- _Task requirements_
The lines to copy from the listing below are those that contain the string "Delhi".

- _The records_
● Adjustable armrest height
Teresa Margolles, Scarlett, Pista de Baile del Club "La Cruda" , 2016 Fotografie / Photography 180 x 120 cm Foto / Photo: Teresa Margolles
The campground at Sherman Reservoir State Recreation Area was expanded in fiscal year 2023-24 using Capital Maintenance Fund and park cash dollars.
==
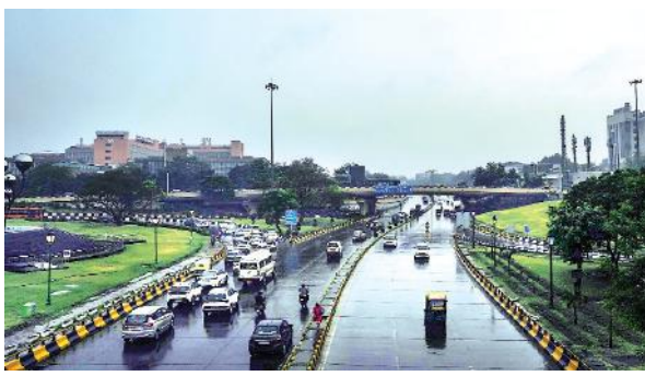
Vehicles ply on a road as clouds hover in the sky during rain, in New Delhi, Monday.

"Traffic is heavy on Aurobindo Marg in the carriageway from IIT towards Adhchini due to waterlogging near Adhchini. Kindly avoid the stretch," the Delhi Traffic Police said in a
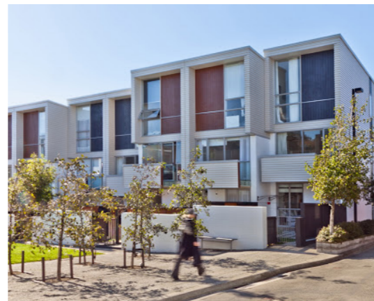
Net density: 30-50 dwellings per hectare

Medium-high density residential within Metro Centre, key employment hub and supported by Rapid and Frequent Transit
---
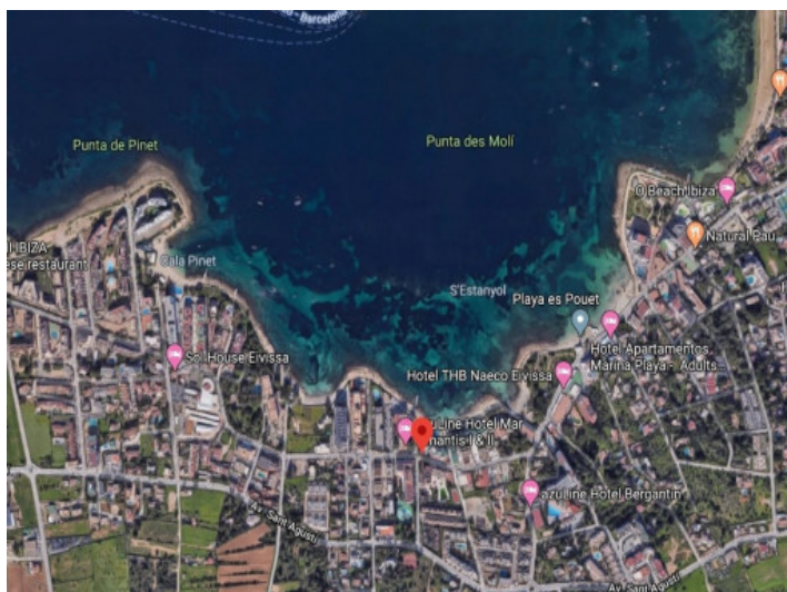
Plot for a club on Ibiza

- _Output_
Vehicles ply on a road as clouds hover in the sky during rain, in New Delhi, Monday.
"Traffic is heavy on Aurobindo Marg in the carriageway from IIT towards Adhchini due to waterlogging near Adhchini. Kindly avoid the stretch," the Delhi Traffic Police said in a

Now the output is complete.